Quem tem a mesma experiência, mas não um diagnóstico efetuado é Rita Domingues, estudante de Engenharia Biomédica, de 23 anos. “Sempre tive muitas dores, incapacitantes mesmo. Disseram-me que era normal e, ultimamente, nas redes sociais, tenho visto que se fala cada vez mais neste tema. Fiquei assustada. Tive consulta com a médica de medicina geral, na semana passada, ela disse que era normal”, adiciona, elucidando que tem esperança de fazer mais exames para obter um diagnóstico.
“Dobrava as pernas, virava-me para todos os lados… Houve uma vez em que pedi ao meu pai para me ir buscar à escola porque não aguentava as dores. Devia ter uns 13-14 anos. Também dizem que se tem mais dores ao princípio, mas tenho período há anos e continuam. Comecei a tomar a pílula, as dores melhoraram, tudo melhorou muito com o anel vaginal, mas não é bom para a acne. Punha uma botija de água quente: ajudava muito e ficava os dois primeiros dias a tomar comprimidos e deitada. Fazer a vida normal, nem que fosse andar, era horrível”, declara. “A botija tinha de estar mesmo a escaldar, mas nunca cheguei a queimar-me”.
“Preparados para implementar esta medida não estamos: nem sei bem se os próprios espanhóis estão preparados para aquilo. Vai haver sempre uma altura do ano em que várias mulheres vão para casa ao mesmo tempo… A ideia em si é boa, ainda bem que se lembraram disso, mas tem de ser pensada. É útil, mas pode ter várias controvérsias”, finaliza a universitária.
Já a ativista dos direitos humanos Francisca de Magalhães Barros concorda plenamente com esta medida. “Devia ser aprovada aqui também porque há mulheres que sofrem imenso com dores menstruais e não têm licença nenhuma. Eu, por exemplo, sofro imenso: tenho dores de cabeça horríveis, toda a vida passei por isto, e é um direito essencial das mulheres”, garante a também pintora e cronista.
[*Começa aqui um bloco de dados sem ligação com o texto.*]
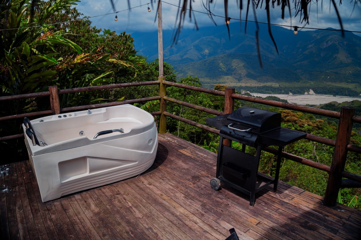 Escápate a la Naturaleza A solo 15 minutos de Villavicencio, esta acogedora cabaña te conecta con la naturaleza. Despierta con el canto de las aves y una vista increíble del Cañón del Río Guatiquía, donde podrás avistar monos y más. Relájate en el jacuzzi, descansa en una cama Queen y disfruta de un espacio ideal para el descanso o el trabajo. Con baño privado y un ambiente rústico, es perfecto para desconectarte y recargar energías. ¡Te esperamos! Desayuno Americano Incluido

“Foi mais um avanço que se deu em Espanha e Portugal devia acompanhar: já devíamos ter implementado isto. É uma incapacidade com que a mulher vive e não tem prioridade. Temos de dar esse passo em frente para que as mulheres possam ter os devidos direitos laborais. Acho que estamos preparados: não vejo um motivo para que tal não aconteça”.